The Adjusted Rand Index (ARI) measures how similar two clusterings are, taking into account random chance. It's good for comparing predicted and true clusterings in datasets. Normalized Mutual Information (NMI) also compares clusterings, but it's better when the number of clusters might vary between them. Folkes-Mallows Index (FMI) looks at clustering quality in terms of precision and recall, giving a balanced view. ARI helps when you want to see how well predictions match true clusters, NMI handles different numbers of clusters, and FMI gives a balanced look at clustering quality based on precision and recall.

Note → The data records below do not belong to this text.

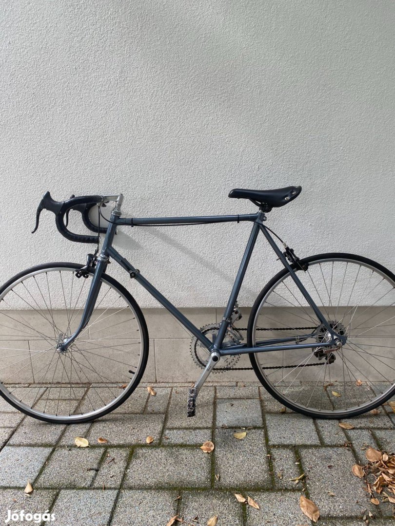 Versenykerékpár felújított, újszerű állapotban eladó. Autófényező Mester által festett gyöngyház-metál antracit szürke színű festéssel, és lakk fedőréteggel. Új csapágyak, hajtás, fékbetét, bovdenek, bovdenvezető, bandázs, ülés, monoblok, lánc és külső-belső gumik, Mavic kerekekkel. Újra szakszerűen összerakott, zsírozott szép esztétikai állapotú kerékpár. Tökéletesen működő váltókkal. Vázméret: 28, 58-as. Magánszemély tulajdonostól, igény esetén adás - vételi szerződéssel, melybe a váz sorszáma is rögzítésre kerül. Helyszínen kipróbálható. Szállítás a Jófogáson keresztül beállítva. Nyíregyházán átvehető.
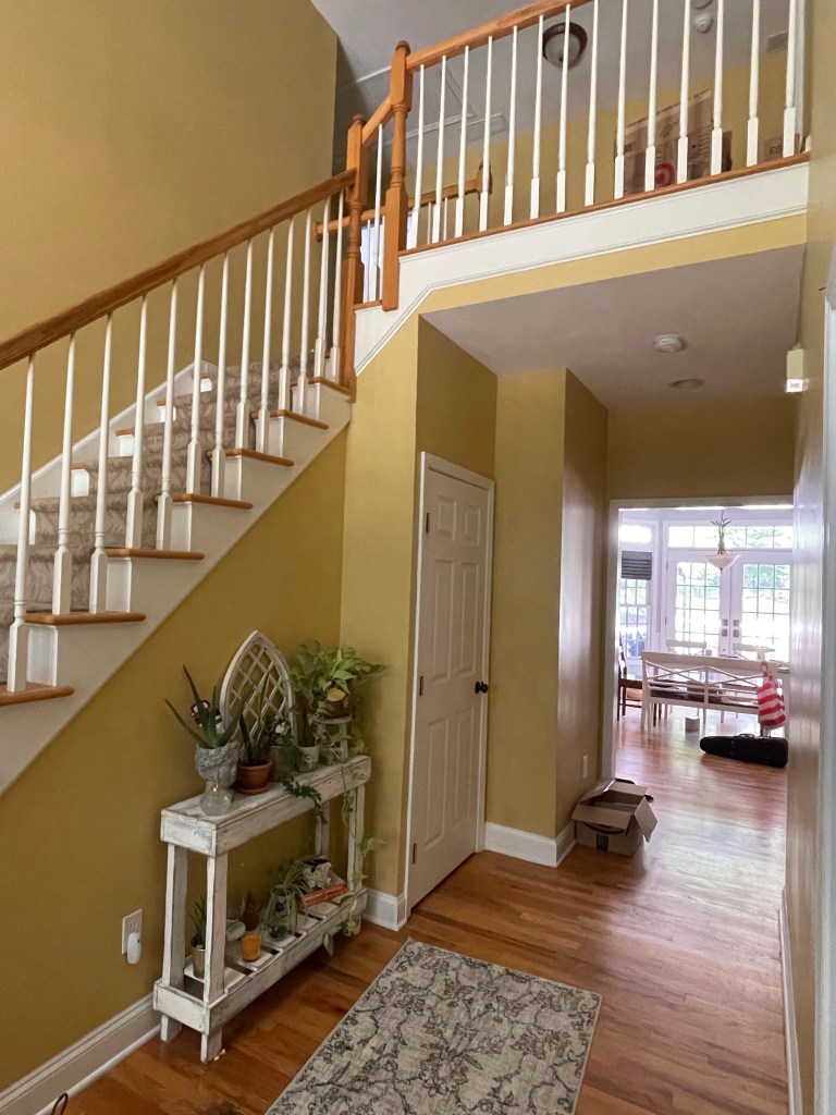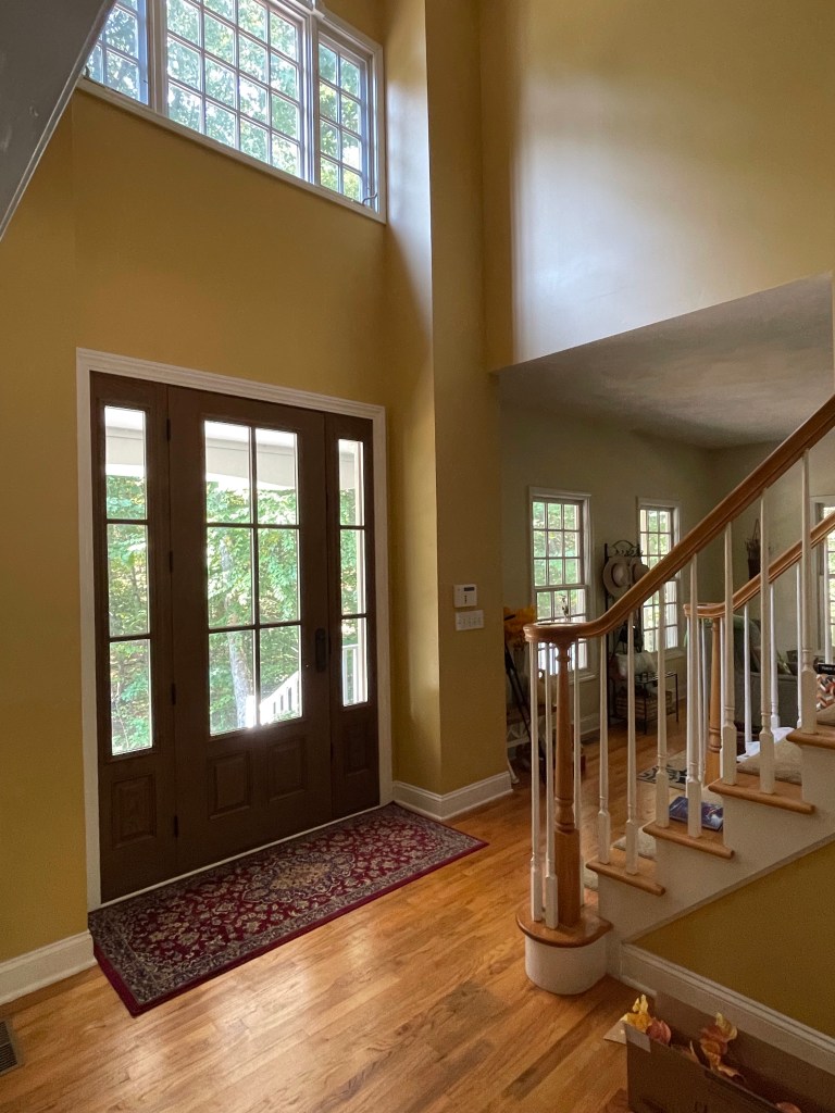 Recently one of those small changes was painting my two-story foyer. When I moved into my home it had a lot of gold paint inside and outside and I’ve slowly painted over it, making the house my home. The two-story foyer was something I couldn’t do, I hate heights! I also hate paying someone to do something I’m perfectly capable of doing myself. Thus several years went by… then several more.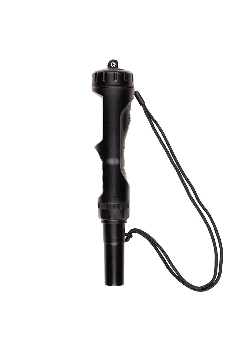 O E60 Pro2 cabe confortavelmente na sua mão graças ao seu cabo traseiro ergonômico de borracha e vem com um cordão de tampa para armazenamento seguro. Possui calibração manual digital para ajuste fácil e flexível. O medidor é à prova d'água IP67 e flutua, sem risco de perdê-lo em líquidos.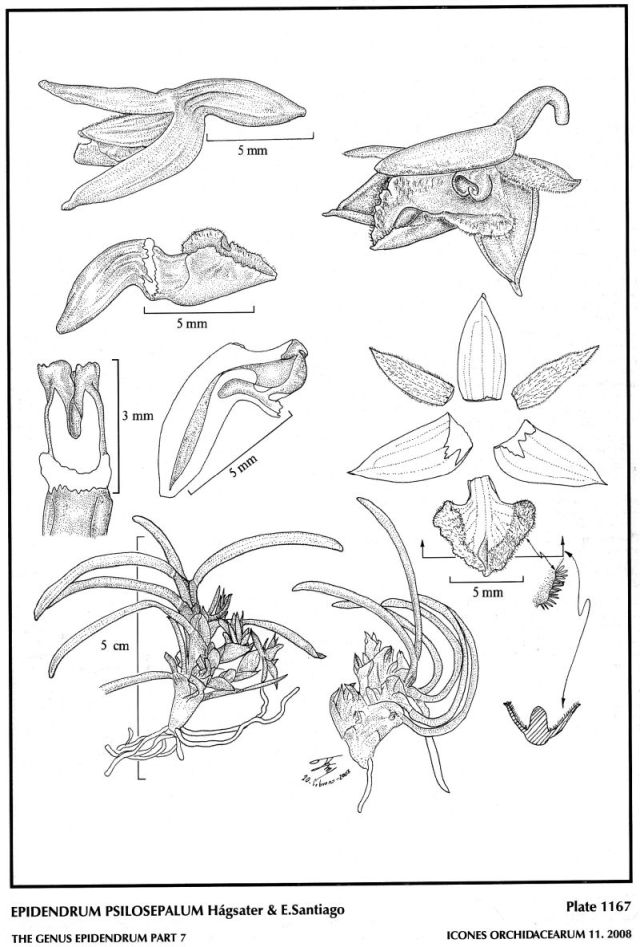 " Epidendrum psilosepalum belongs to the GROUP Takulumena which is recognized by the small, Vanda-like plants, with simple, imbricating, distichous leaves, and a lateral complicated inflorescence, producing new, single-flowered segments over several years. The species is recognized by the intermediate size of the reddish yellow-green flower, sepals .28 to .32" [7 to 8 mm] long, with the sepals glabrous, and the ventral surface of the petals and lip strongly pubescent. It has been confused with E. sophronitoides F.Lehm. & Kraenzl. which has larger flowers, the floral segments glabrous and acuminate, .4 to .64" [10 to 16 mm] long. Epidendrum dasyanthum Hágsater has the ventral surface of all the segments strongly pubescent, and is widespread down to northern Peru, along the eastern ridge of the Andes. Epidendrum rhodovandoides Hágsater has small, cardinal red to reddish magenta flowers, the floral segments generally glabrous, sepals .16 to .2" [4 to 5 mm] long, and is known only from northern Antioquia department of Colombia and western Venezuela in Táchira state." Hagsater etal 2008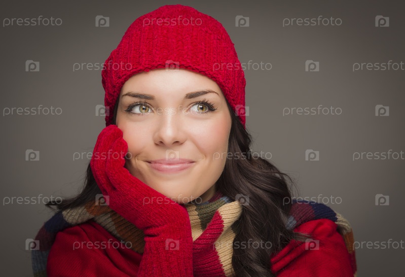 Радостная женщина в зимней шапке и перчатках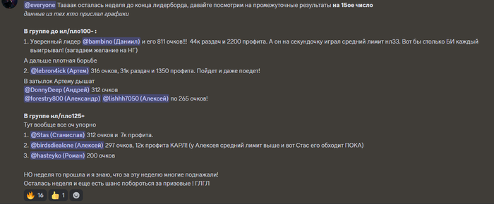 Организаторы лидерборда большие молодцы, думаю это рил помогает поднять мотивацию у определённых людей. Лично я собирался выкатать 50к в этом месяце и до лидерборда. А так ещё и приятный бонус и компетитив дух. Ну а моё скатывание буду расценивать как ценный опыт.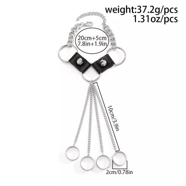 Crafted to command attention, this bracelet is lightweight yet substantial, weighing just 1.31 oz. The adjustable fit and link chain design provide both comfort and stability, allowing it to move with your hand while keeping its bold structure intact. The rich black PU leather contrasts dramatically with the silver-toned iron alloy hardware, creating an arresting look perfect for parties, concerts, cosplay, or adding edge to everyday streetwear.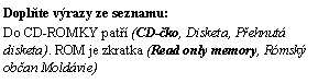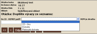 Je nutné vyplnit název otázky a přiřadit mu styl Nadpis 2;Otázka. V tomto typu testu se vypisuje seznam všech možných odpovědí v závorkách. Všechny tyto možnosti musí být odděleny čárkami a zároveň musí být napsány kurzívou. Např.: (CD-čko, Disketa, Přehnutá disketa). Text psaný tučným kurzívou je správná odpověď. K otázce lze libovolně přiložit obrázek. Ten musí mít formát GIF nebo JPG a musí být připojen k dokumentu s testem. |
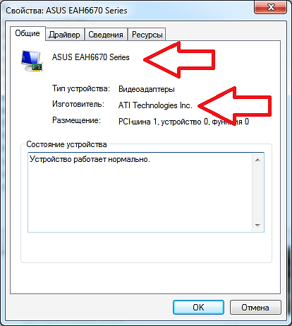 После этого перед вами должно появиться окно со списком установленных устройств. Здесь нужно нужно найти раздел «Видеоадаптеры», кликнуть правой кнопкой по названию видеокарты и открыть «Свойства». В открывшемся окне вы сможете увидеть название видеокарты и ее производителя. В нашем случае это видеокарта Asus EAH6670 Series и производитель ATI Technologies.
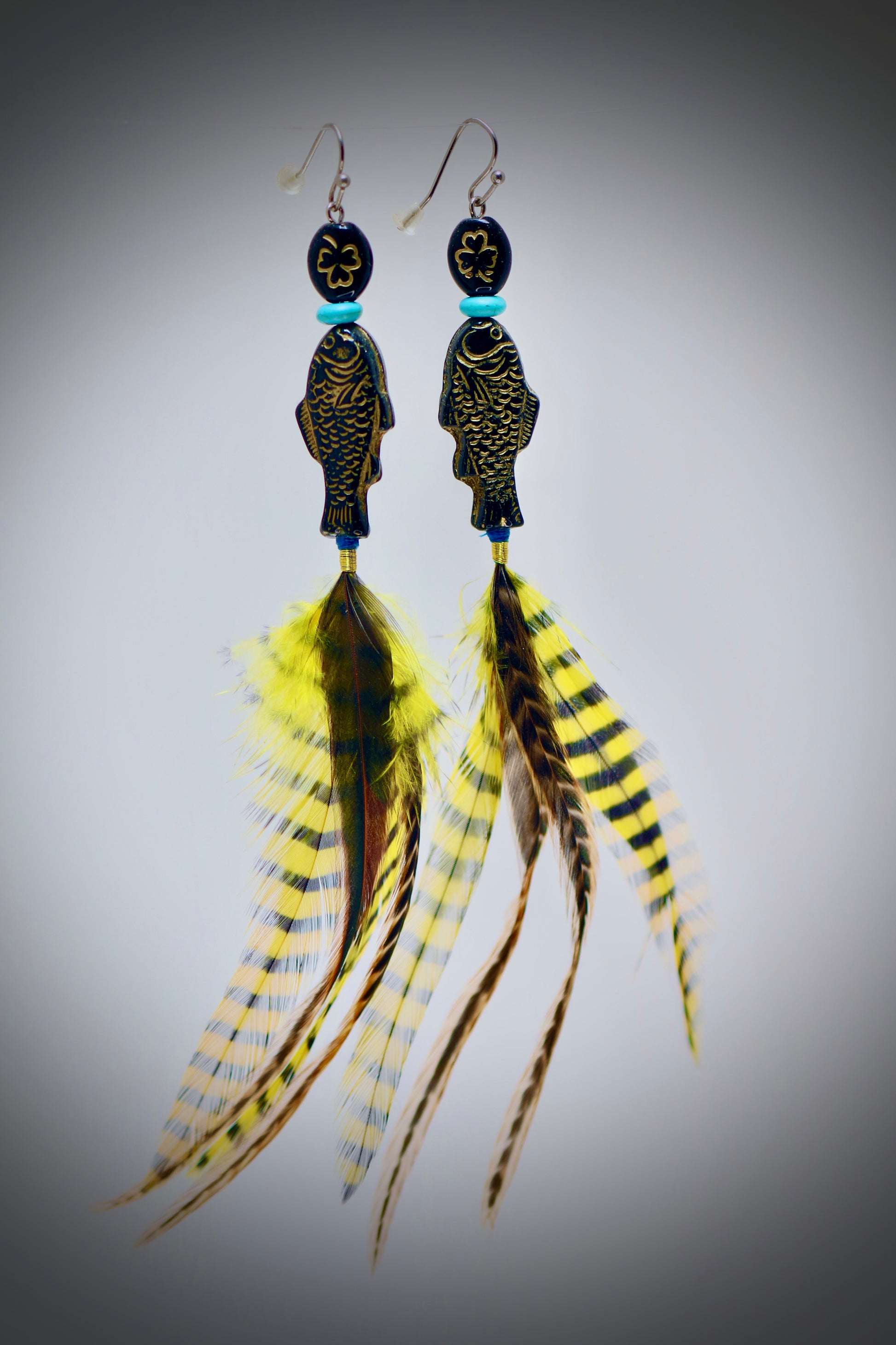 Vintage black and gold engraved clover and fish beads mixed with funky, long dyed chicken feathers.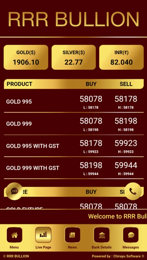 Our app shows the fastest updated LIVE RATES of gold.

### Data Clustering & Compare Performance

In [6]:
from kmodes.kmodes import KModes

km = KModes(n_clusters=5, init='Cao', n_init=5, verbose=1)
km_labels = km.fit_predict(df)

# Perform clustering using Hierarchical Clustering
hc = AgglomerativeClustering(n_clusters=5, linkage='ward')
hc_labels = hc.fit_predict(df)

# Compute FMI, ARI, and NMI scores for Kmodes
fmi_km = folkes_mallows_index(true_labels, km_labels)
ari_km = adjusted_rand_score(true_labels, km_labels)
nmi_km = normalized_mutual_info_score(true_labels, km_labels)

# Compute FMI, ARI, and NMI scores for Hierarchical Clustering
fmi_hc = folkes_mallows_index(true_labels, hc_labels)
ari_hc = adjusted_rand_score(true_labels, hc_labels)
nmi_hc = normalized_mutual_info_score(true_labels, hc_labels)

# Display the results
results = {
    "Kmodes": {"FMI": fmi_km, "ARI": ari_km, "NMI": nmi_km},
    "Hierarchical Clustering": {"FMI": fmi_hc, "ARI": ari_hc, "NMI": nmi_hc}
}

results

Initialization method and algorithm are deterministic. Setting n_init to 1.
Init: initializing centroids
Init: initializing clusters
Starting iterations...
Run 1, iteration: 1/100, moves: 430, cost: 30269.0
Run 1, iteration: 2/100, moves: 317, cost: 30079.0
Run 1, iteration: 3/100, moves: 56, cost: 30079.0


NameError: name 'AgglomerativeClustering' is not defined

### FMI, ARI, & NMI Evaluation

The discrepancy in the values of FMI (Folkes-Mallows Index) compared to ARI (Adjusted Rand Index) and NMI (Normalized Mutual Information) could be due to differences in their calculation methods and what they measure. FMI evaluates clustering quality based on precision and recall, providing a balanced assessment. ARI measures the similarity between two clusterings, adjusting for chance agreement, while NMI measures mutual dependence normalized to be between 0 and 1. FMI tends to be higher than ARI and NMI because it considers both precision and recall, which can yield higher values, especially when there's a good balance between precision and recall. However, it's essential to consider the specific characteristics of the dataset and the evaluation goals when interpreting these metrics, as they may behave differently depending on the dataset's properties and clustering algorithms used.